Todos en la clase tienen prisa y cero intereses por ayudarte, desde los alumnos hasta la instructora. Eso hace muy frustrante ir a tomar yoga, además si vas a una clase para lesiones de la espalda, como que la instructora debería considerar tus dolencias para cada ejercicio, después de todo nadie conoce tu cuerpo mejor que tú.
Basándonos en ese principio el instructor de yoga debería escuchar tus quejas hacia una postura en vez de únicamente decirte “relájate” y no me quites el tiempo.

Y seguro pensaras que le tengo mala leche al yoga, que no lo creo, y repito, como asidua usuaria de gimnasio sé que la cortesía para los nuevos además de la paciencia es algo polite que debes hacer, digo, si ves que alguien se va a matar con un aparato, pues lo ayudas, ahhhhh, pero cuando se habla de yoga, es yoga, que te puede pasar, así que no me estés chingando que no te pienso ayudar.

Creo que lo que más me estreso fue la actitud de la instructora, muy grosera, muy pedante, muy déspota cada que le pedía ayuda u orientación me regañaba, me decía que no la molestará y que hiciera lo que me pedía, el problema es que no sabía cómo hacerlo, por eso preguntaba.

Odio el yoga, no me relaja, aunque en un análisis posterior, creo que nadie debería ir a Green Yoga Polanco, el ambiente es bastante nefasto, la gente es grosera comenzando por la instructora.
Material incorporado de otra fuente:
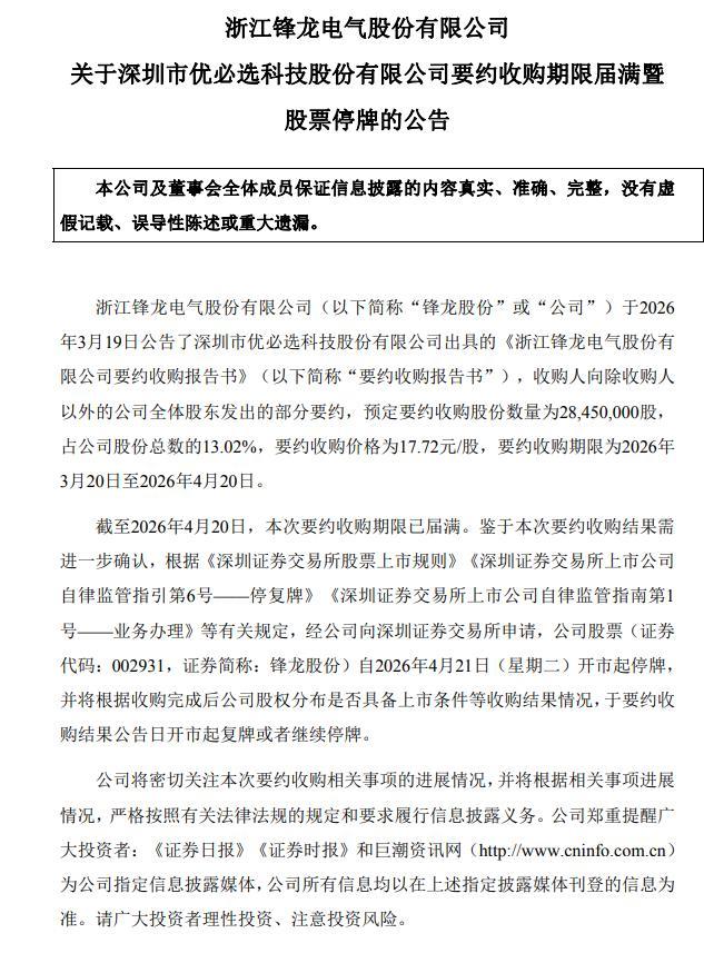 4月20日,锋龙股份(002931.SZ)公告,深圳市优必选科技股份有限公司的要约收购期限已于2026年4月20日届满。本次预定要约收购股份数量为2845万股,占公司股份总数的13.02%,收购价格为17.72元/股,要约收购期限为2026年3月20日至2026年4月20日。由于需进一步确认要约收购结果,公司股票自2026年4月21日开市起停牌。

Supongo que así son las personas en Polanco.

Pero esa no es mi primera mala experiencia con el yoga, y cada que tomaba esas clases en mi gym, también el instructor es bastante neurótico, regaña por todo y no le preocupaba para nada mi capacidad o facilidad para estirarme en plan yoga.

OHHHHHHH como odio el yoga, y si un tiempo pensaba que era para viejitas, ahora sé que es para locos extremistas que solo buscan la pose, y no la postura.
Aunque bueno, tal vez haya quien si disfrute el yoga y lo haga por la filosofía.